Measuring a bus by it's data rate is in no way marketing, it's the only
worthwhile way to measure a bus!


It is when the bus speed is 200MHz DDR or QDR but you call it 400MHz or
800MHz, when it isn't.

Would you prefer a P4 bus that
is "somewhere in the 70 to 350 clock cycle range" description? How does
that even begin to remotely help anyone?!

I prefer that when they talk about bus speeds that they follow excepted
practices and give the real speed. I can determine the the data rate from
that. A simple 200MHz DDR or 200MHz QDR would be fine.

Most even semi-remotely technical info about processor specs lists both
the clock speed of the bus and the bandwidth, and that's for desktop
processors. The clock speed (or at least effective clock speed with
today's double and quad data rate buses)


Both the P4 and Athlon now have a 200MHz FSB. Anything higher than that is
overclocked. There's no 400MHz FSB and no 800MHz fsb. Effective? Compared
to what? The P4 isn't an effective fsb of 800MHz if you compare it to the
Athlon FSB now is it? It's only effective 400MHz. Just another reason the
effective arguement is BS unless it's fully explained what it's compared
to. Yeah, I know, you know, but believe me, 90% of the people don't. And
that's why it's marketing BS.

has been ok for
the PC world since we've had 64-bit buses on every system for nearly 10
years now.


10 years? It only started with the Athlon and P4. Prior to that all x86
cpu's had only one data bit per clock cycle.

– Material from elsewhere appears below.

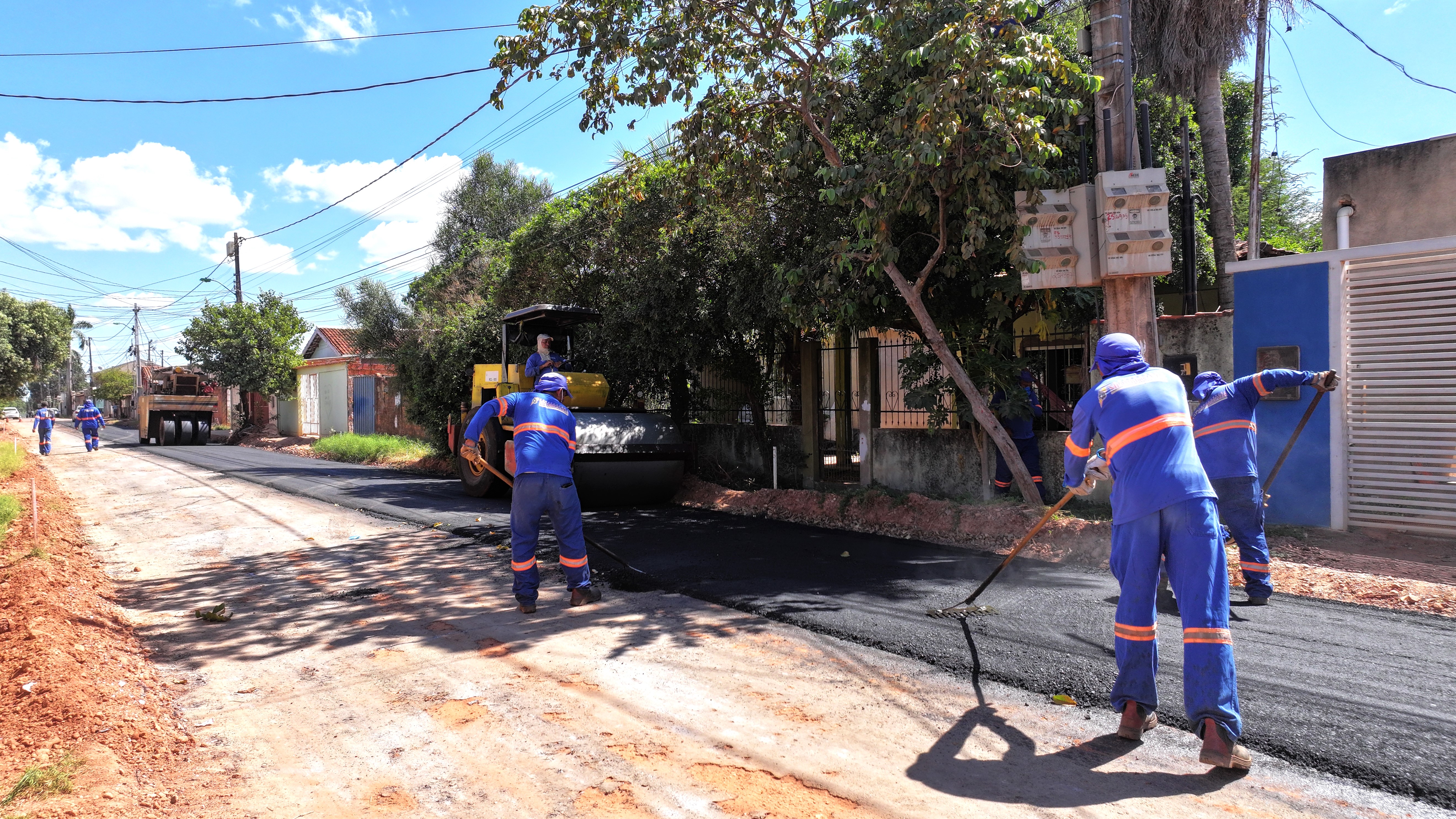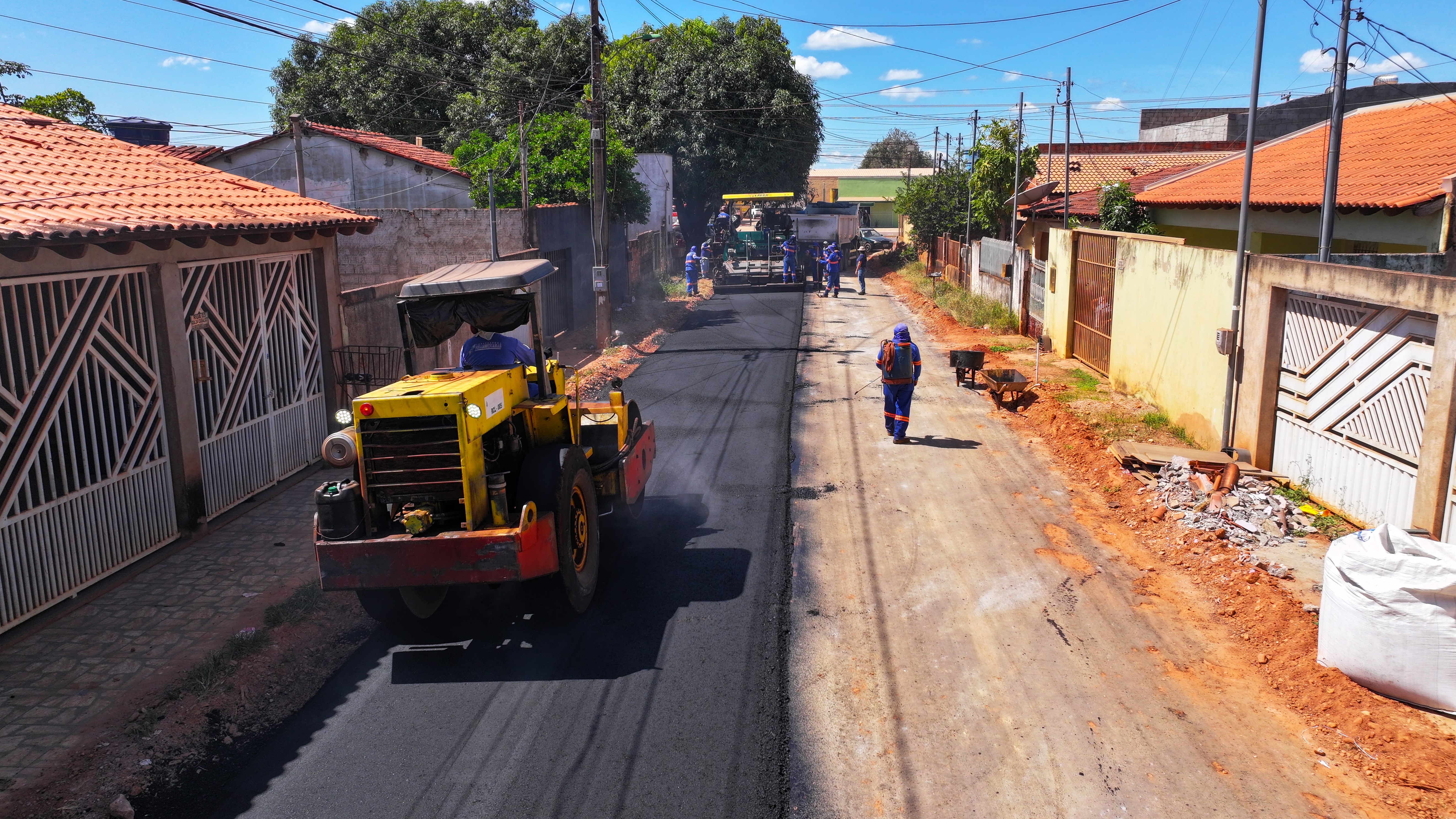 A capa asfáltica para concluir o asfaltamento do bairro começou a ser lançada nas ruas na manhã desta quarta-feira (8) e abrangerá as ruas 4, 5 e 6, onde o serviço se estenderá pelos próximos dias. As vias foram preparadas e possuem drenagem e rede fluvial.

So the Pentium was a 64-bit processor, as are all current PC chips


So if the P4 is a 64bit cpu, why won't it run a 64bit OS?

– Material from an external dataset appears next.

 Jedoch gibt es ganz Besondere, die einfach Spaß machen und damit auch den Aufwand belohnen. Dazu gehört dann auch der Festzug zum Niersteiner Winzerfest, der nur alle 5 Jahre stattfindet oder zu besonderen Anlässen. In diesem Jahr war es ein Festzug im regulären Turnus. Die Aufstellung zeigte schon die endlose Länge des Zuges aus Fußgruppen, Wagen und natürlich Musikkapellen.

except for the Athlon64, which is now a... umm.. what do you call the
Athlon64 which doesn't have a data bus? A 0-bit processor? Or
perhaps it's a dual-processor 16-bit unidirectional chip because it
has two 16-bit unidirectional hypertransport links? What the heck
does that make the Opteron then?

To be honest, I haven't looked at the architecture that much. From what
I can tell, the data comes across the HTL, which is 72 bits wide.


Umm, huh? HTL = Hypertransport Link? If so, it's 32-bits wide, 16-bits
in each direction.

with the
Opteron/64FX having 2 of them for 144bits. Thus the much improved
throughput of data to the core, and also why the regular A64 is quite a
bit slower than the FX/Opteron series.


I think you're confusing it's integrated memory controller with the
hypertransport link. Which is your "data bus"? At best this is only
slightly confusing in a single processor system, where you have memory
requests coming over one bus and all other I/O going over a single
hypertransport link. On multiprocessor systems, this gets MUCH worse,
as your memory could be local (going over your own memory bus) or remote
(going over a hypertransport link).

You're right. It's the data bus that's 72bits wide on the A64, and 144bits
on the Opteron/FX. Don't know what i was thinking.

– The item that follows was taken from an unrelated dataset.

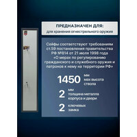 Сейф оружейный на 4 ствола AIKO Беркут 150, ключевой, высота ружья до 1450 мм, 1480x300x300мм

Face it, defining the bit-ness of a chip by the width of the data bus
makes absolutely NO sense at all in this day and age! The Athlon64 and
Opteron are 64-bit chips because:

1. They have 64-bit integer registers 2. They use 64-bit address
pointers and address registers, program counter, etc.

So why does the Opteron/FX cpu's blow away the A64's at the same clock
speed if the data bus doesn't mean anything? That's the only difference
between them.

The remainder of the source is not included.